An exact copy of all the data is needed, with every picture left out.

Information shown:
◆ ◆ ◆ ◆

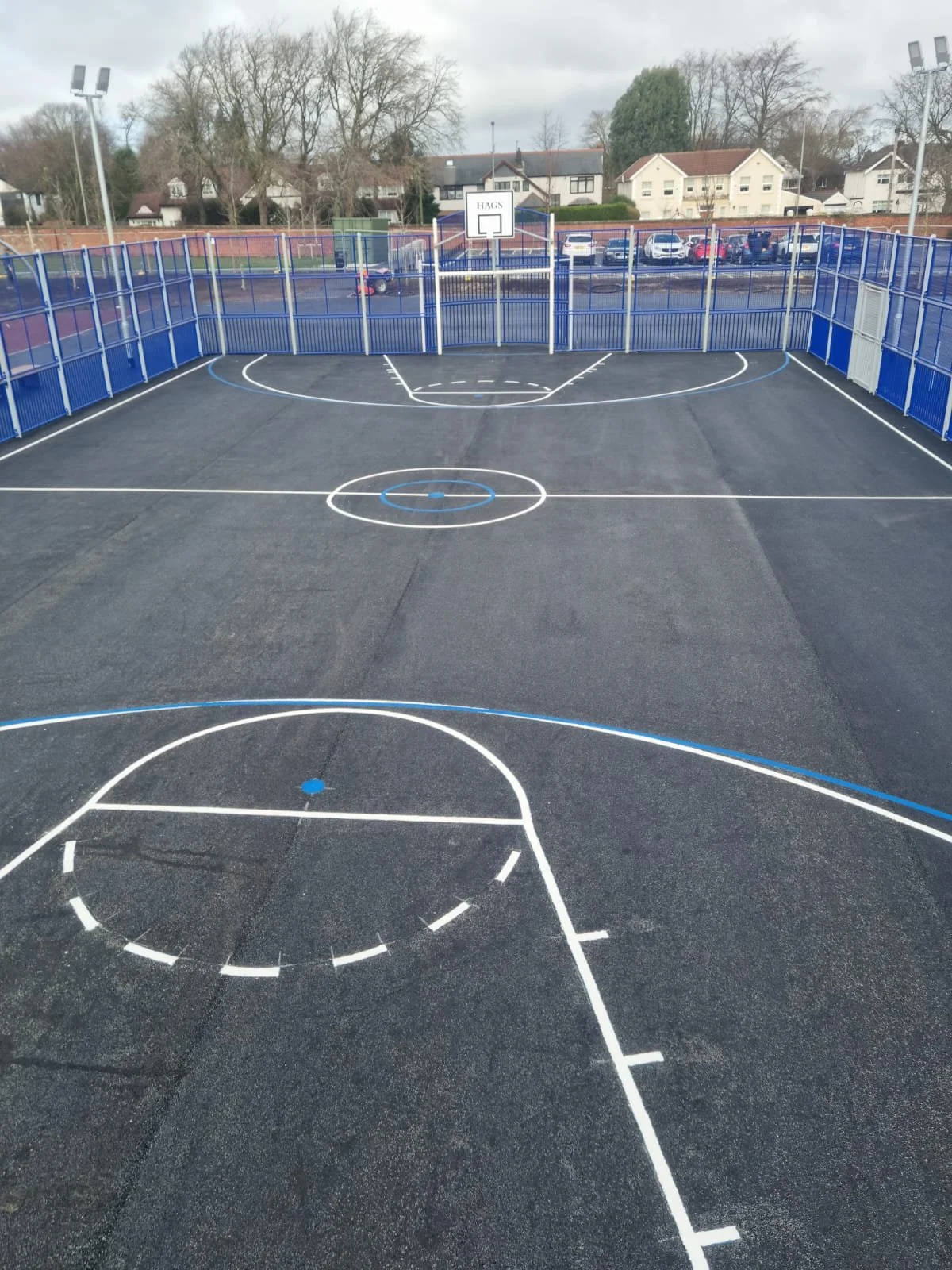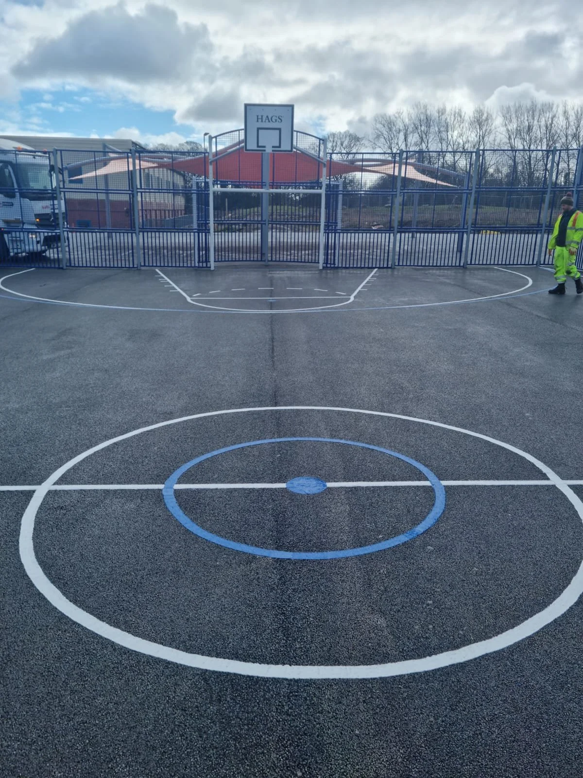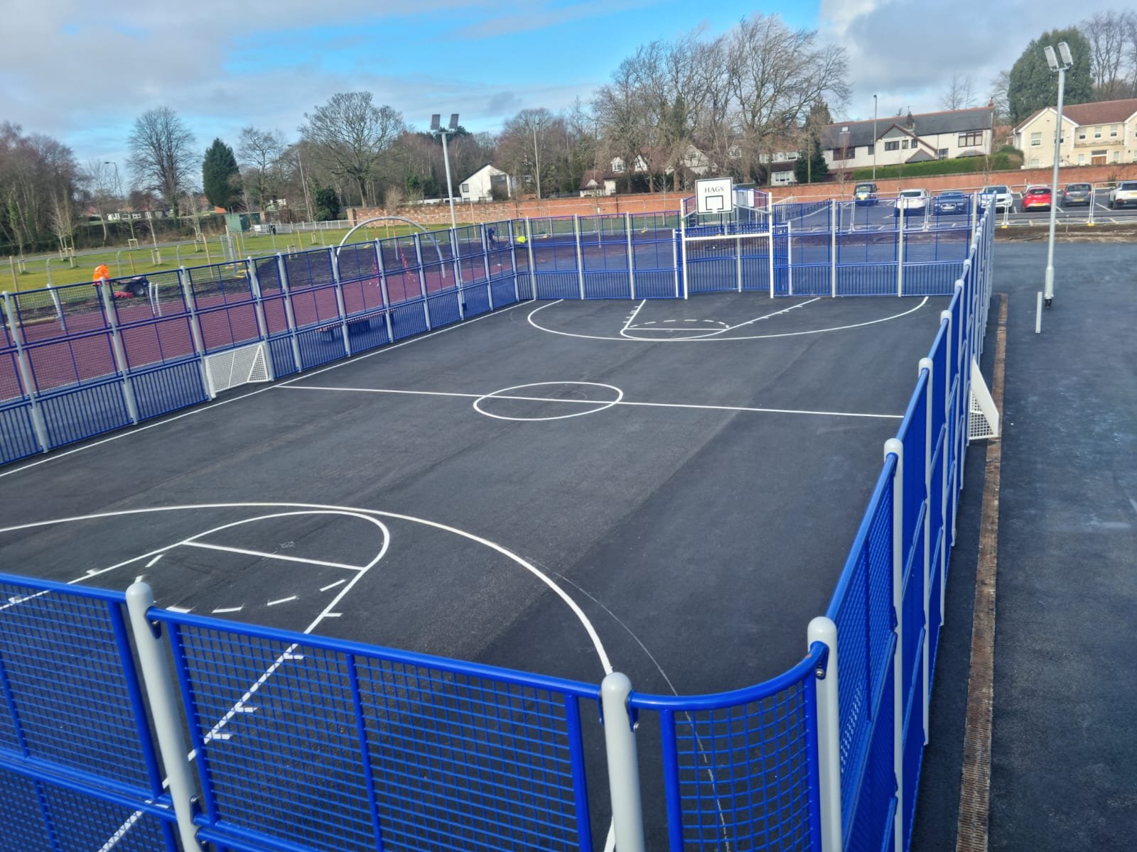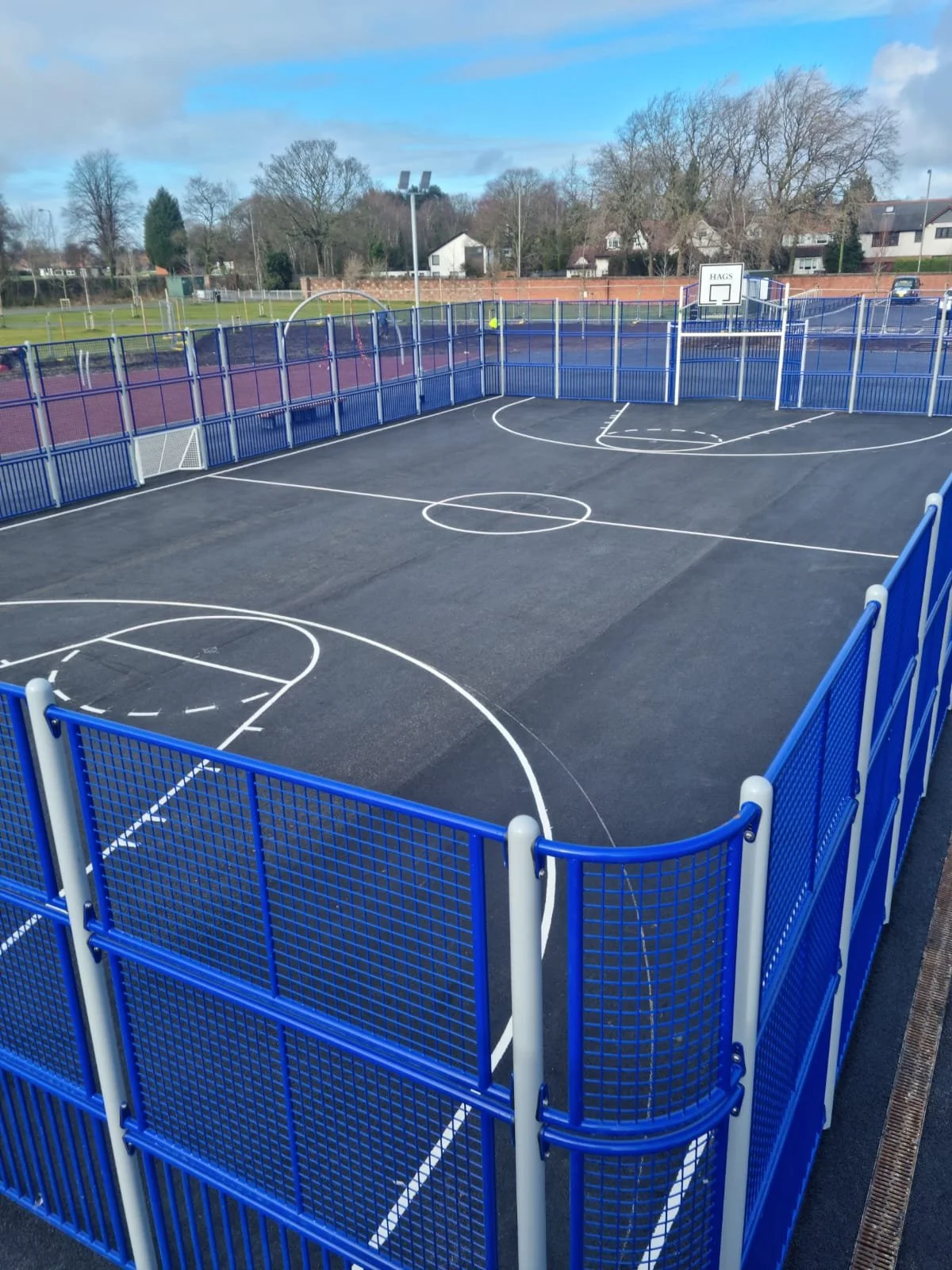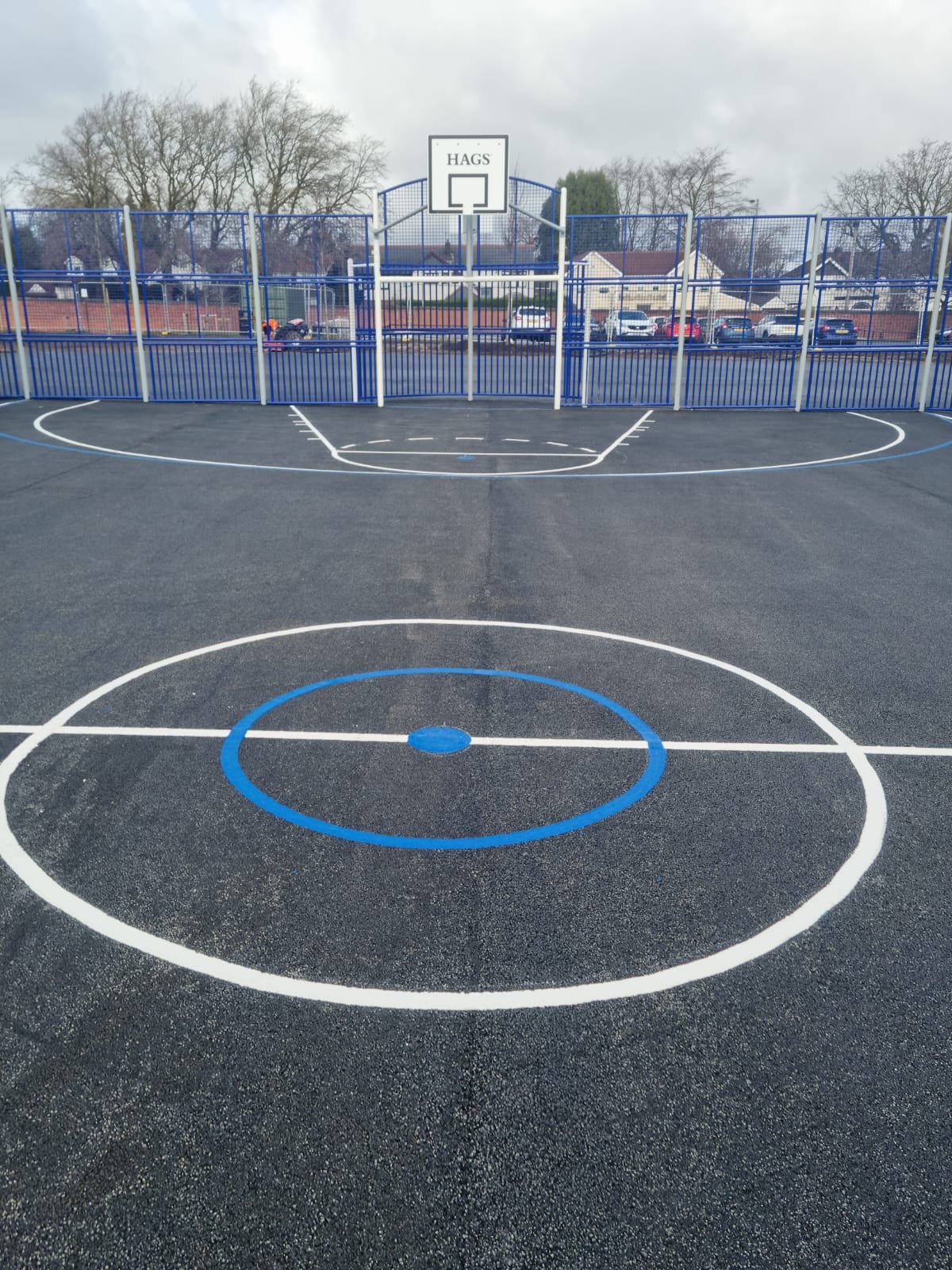 A HAGS MUGA with Football and Basketball goal ends was installed with a tarmac surface. An ACO drain was installed that drains to an attenuation tank under the adjacent car park. Floodlighting allows the MUGA to be used until 10pm year round and street furniture provides rest areas.
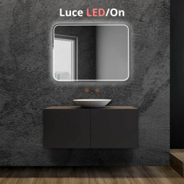 Specchio filo lucido rettangolare 60x80 cm da bagno con lampada LED 30cm integrata, temperatura colore luce naturale 4000k, grado di protezione IP44, potenza 5w, installazione a parete reversibile, sia in modo orizzontale che verticale.
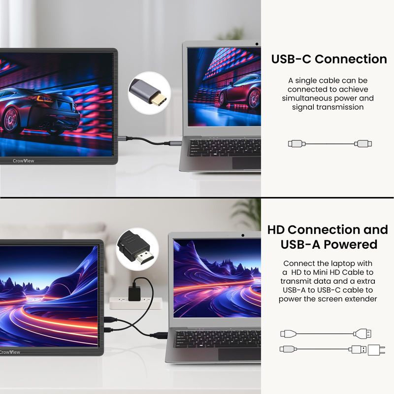 INFORMÁTICAMONITORESELECROW Extensor de pantalla para portátil de 14 pulgadas, 1080P FHD IPS Extensor de monitor dual

◆ ◆ ◆ ◆

Written answer:
 A HAGS MUGA with Football and Basketball goal ends was installed with a tarmac surface. An ACO drain was installed that drains to an attenuation tank under the adjacent car park. Floodlighting allows the MUGA to be used until 10pm year round and street furniture provides rest areas.
 Specchio filo lucido rettangolare 60x80 cm da bagno con lampada LED 30cm integrata, temperatura colore luce naturale 4000k, grado di protezione IP44, potenza 5w, installazione a parete reversibile, sia in modo orizzontale che verticale.
 INFORMÁTICAMONITORESELECROW Extensor de pantalla para portátil de 14 pulgadas, 1080P FHD IPS Extensor de monitor dual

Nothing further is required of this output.